Pizza is like the wheel: often round and seldom reinvented. Ask any pizza aficionado for their opinion on a pie, and they’ll start in on the qualities of the crust—thickness, crunchiness, chewiness—or the richness of the sauce. Medleys of toppings get discussed more in terms of flavor groups and proportions, but they’re not often the stars of a pie. Most pizza menus set out to accomplish the same few objectives, and the Sacramento pizza scene is no different. Well, maybe only a little different. Read on discover Sacramento’s strangest toppings.

Popular Local Toppings

First things first. There are a handful of ingredients liberally sprinkled through Sacramento’s pizza menus that you just don’t find everywhere. Chief among these: linguiça.

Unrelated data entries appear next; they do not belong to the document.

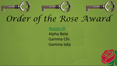 April 28, 2023 - Gamma Chi was one of three chapter in Region III to achieve the Order of the Rose Award. |
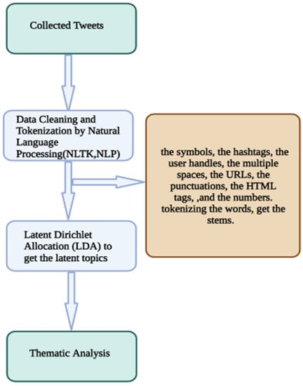 After using (NLP) and (LDA), a qualitative approach using thematic analysis examined the COVID-19 and monkeypox tweets [13,14,15,16,17]. Qualitative research does not rely on variables, predictive models, or hypotheses, but examines data to explain the how, the what, and the why behind peoples’ thinking beyond what a survey or other quantitative measures can capture [18,19]. Developing an understanding of the way in which people interpret a phenomenon is the goal: “Like healthcare, education involves complex human interactions that can rarely be studied or explained in simple terms. Complex educational situations demand complex understanding; thus, the scope of educational research can be extended by the use of qualitative methods” [20] (p. 1).
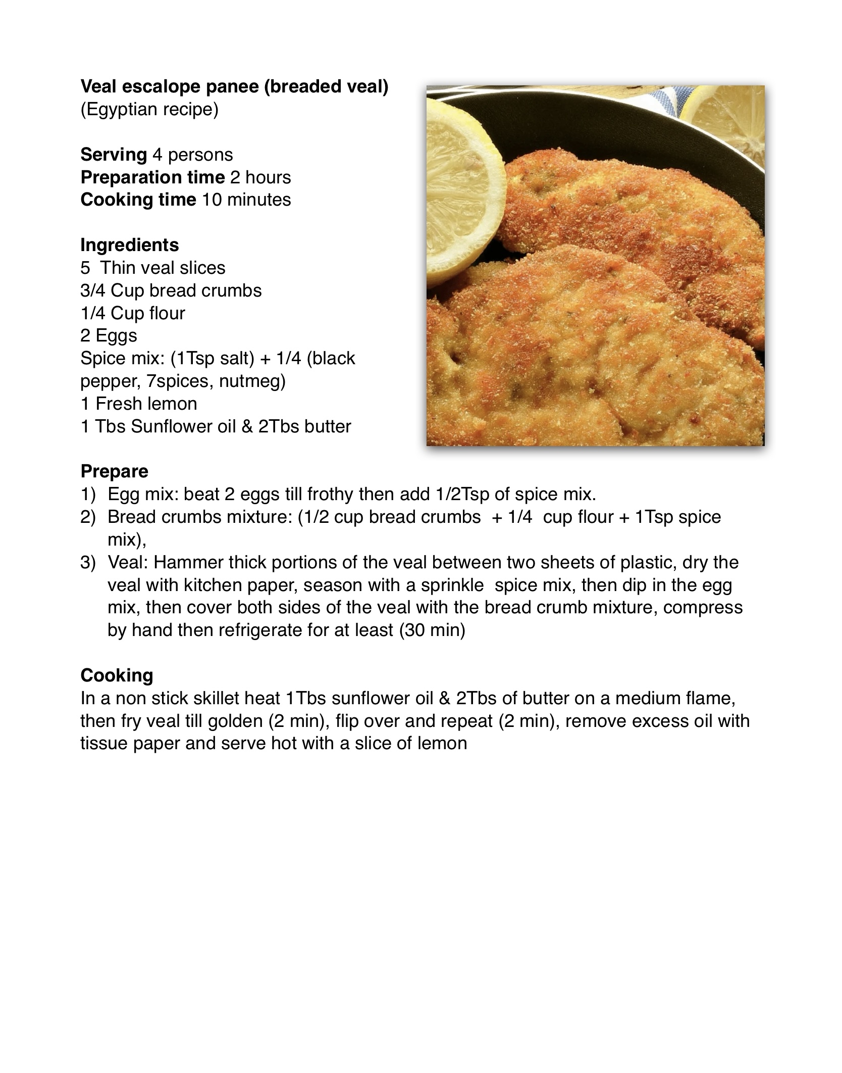 Veal escalope panee
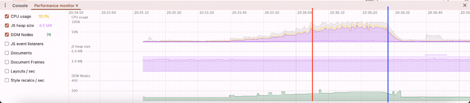 Проведём эксперимент: каждые 3 секунды я буду добавлять на сайт 10 новых кубиков, и мы посмотрим результат в инструменте Performance monitor. Итоговый отчёт на экране.
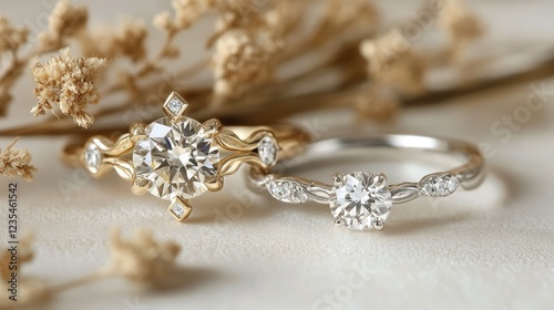 A beautiful gold and diamond ring alongside a silver band on a soft surface with dried floral accents, representing commitment.
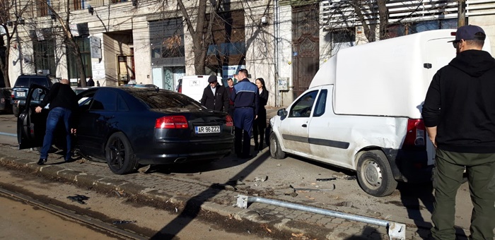 Audi-ul care a provocat accidentul s-a oprit complet intors pe bordura din dreptul liniei de tramvai.
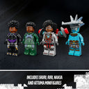 - 4 characters – Includes Shuri, Ironheart MK1, Nakia and Attuma minifigures, plus a spear, fighting rings and jetpack. The buildable Sunbird includes 2 stud shooters, rotatable engines and foldable wings
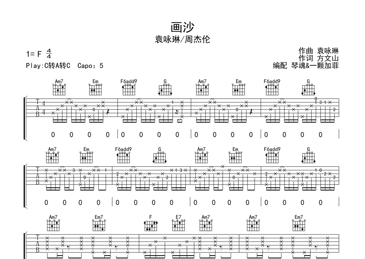 周杰伦《画沙》吉他谱 - C调弹唱六线谱
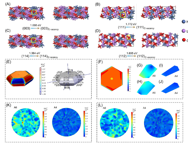 8868体育_8868(中国)化学与材料工程学院肖遥教授团队联合四川大学郭孝东教授通过氢氧化物共沉淀法结合固相高温烧结调控出了具有暴露不同比例(003)晶面方向的LiNi0.92Co0.04Mn0.04O2正极材料。实验表征与有限元分析并结合理论计算从颗粒的宏观形貌到晶面层面证明了沿(003)晶面方向暴露较多的颗粒宏观上在充放电过程中晶间与晶内应力累积较大,微观上(003)晶面晶格失配度较大,且晶面应力分布呈涡流状,此外,(003)晶面氧空位形成能较小易失氧,导致晶间与晶内裂纹,及晶体结构退化。该工作为层状氧化物材料的晶面结构设计提供了理论基础。
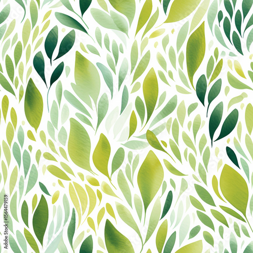 Seamless pattern of intricate design of various shades of green leaves, on white background. Leaves artistic blend of shapes and sizes, showcasing the beauty of nature through watercolor techniques
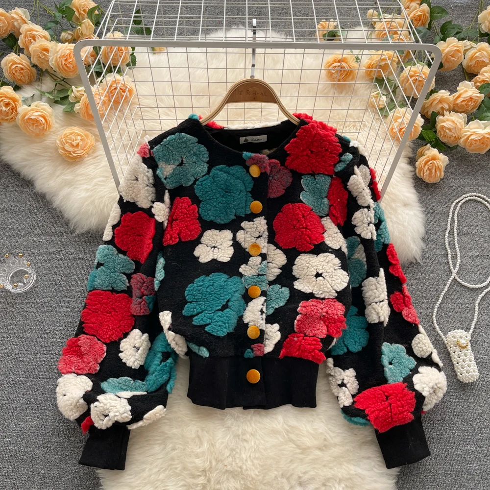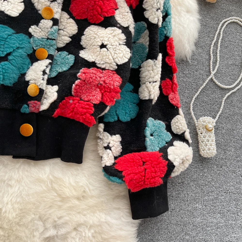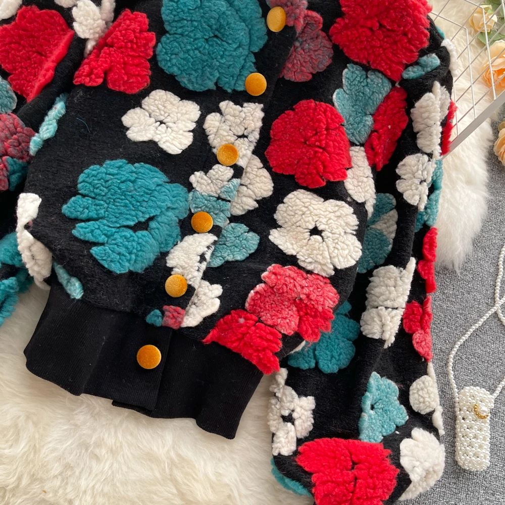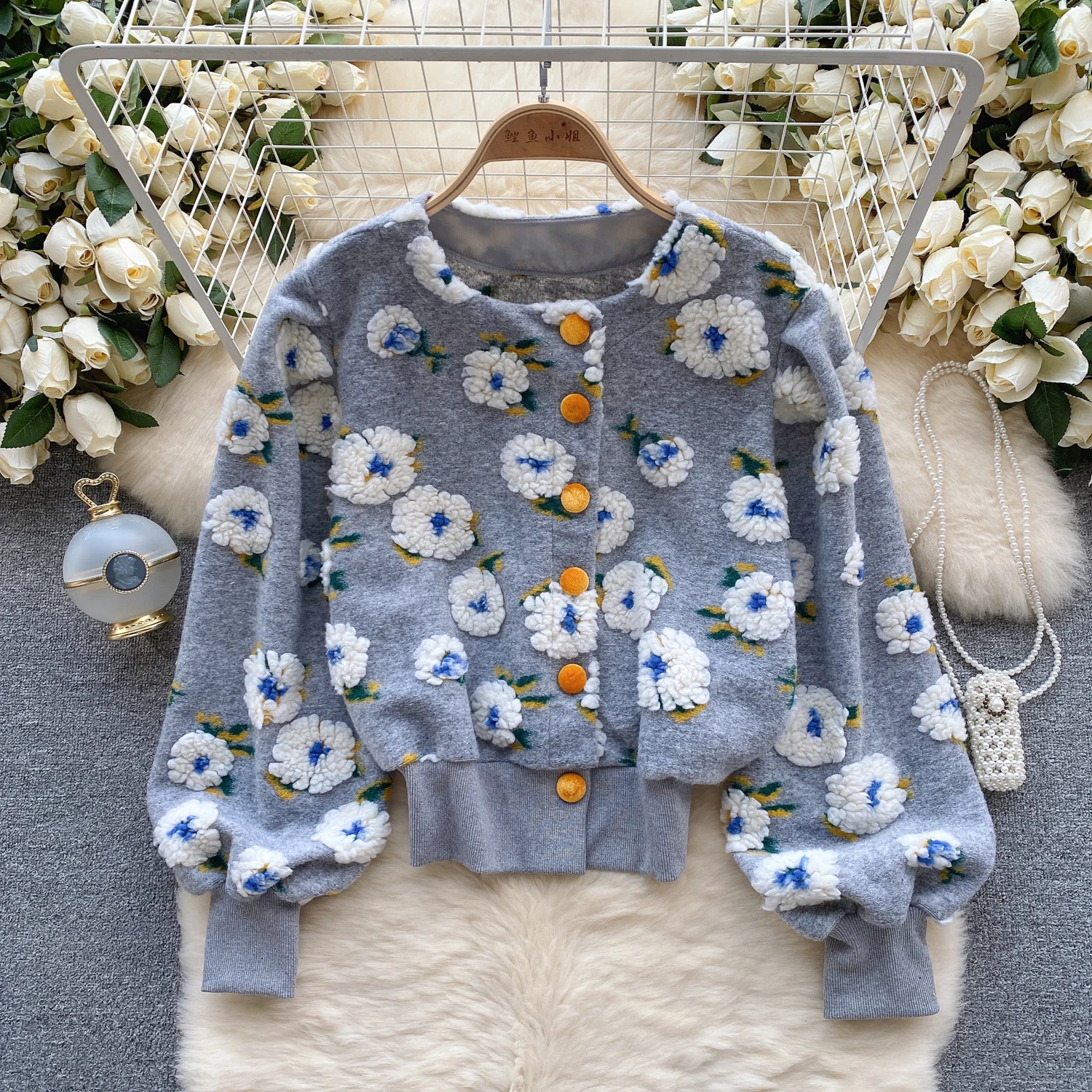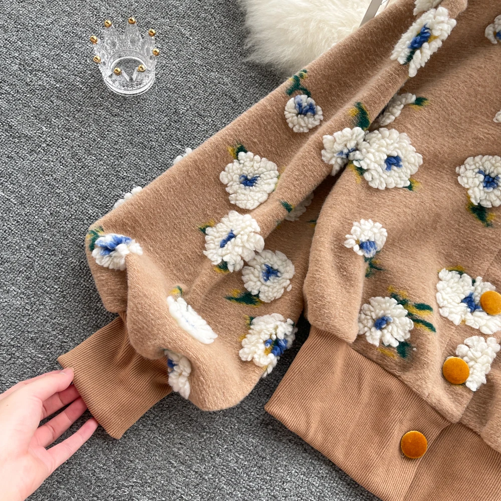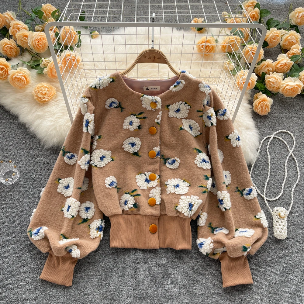 SINGREINY 3D Flower Vintage Cardigan Women Autumn Winter Single Breasted French Style Temperament Fashion Slim Chic Short Coat
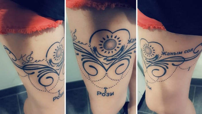 Позже, в мае, Рози ездила в Канны ради встречи с казахстанским исполнителем. Тогда у нее появилась идея для новой татуировки. В июле на бедре француженки уже красовалась другая татуировка. В ее основу легли казахстанский флаг, автограф исполнителя, а также ласковое казахское обращение "Жаным сол". Это выражение она выбрала, потому что ей нравится его значение.
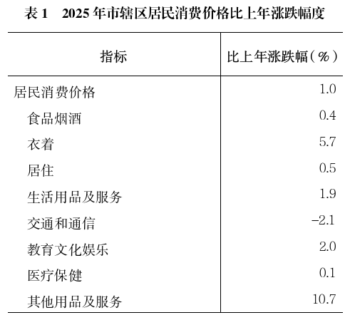价格:全年市辖区居民消费价格比上年上涨1.0%,其中,消费品价格上涨1.1%,服务项目价格上涨0.8%。在八大类居民消费价格中,其他用品及服务类价格上涨10.7%,衣着类价格上涨5.7%,教育文化娱乐类价格上涨2.0%,生活用品及服务类价格上涨1.9%,居住类价格上涨0.5%,食品烟酒类价格上涨0.4%,医疗保健类价格上涨0.1%,交通和通信类价格下降2.1%。
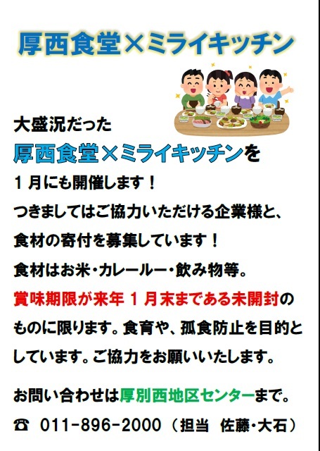 いつも厚別西地区センターをご利用いただきありがとうございます。

Sausage makers imbue this smoked and cured pork link with plenty of garlic and paprika. The recipe arrived in Sacramento from its native Portugal, thanks to the large Portuguese immigrant population that took up residence in Sacramento Valley in the mid-1800s. Linguiça has been on local menus ever since.

Weird Sauces

One of the simplest ways to drastically alter the flavor of a pie is to use a nontraditional sauce. This happens less often than you might think, but you can still find some creatively slathered crusts. Taste of Tuscany, for instance, offers a bacon-cheeseburger pie that supplants classic tomato sauce with thousand island dressing. Chipotle-like Pieology provides the option to add a layer of pure herb butter to any crust. The chefs at Chicago Fire whip up fresh batches of béchamel sauce daily. This creamy French roux is considered one of the mother sauces, and, at Chicago Fire, it’s imbued with ranch spices before being added to pies.

Unusual Cheeses

Cheese seems to be one of the realms in which chefs more eagerly experiment. OneSpeed founder Rick Mahan likes to change up his dairy regularly—it’s rare that his pies have fewer than two cheeses or that a single cheese is shared between more than a couple pizzas. Fresh mozzarella is swapped out in favor of buttermilk-based blue cheese, crescenza, fontina, or even grana padano, one of Italy’s most beloved cheeses.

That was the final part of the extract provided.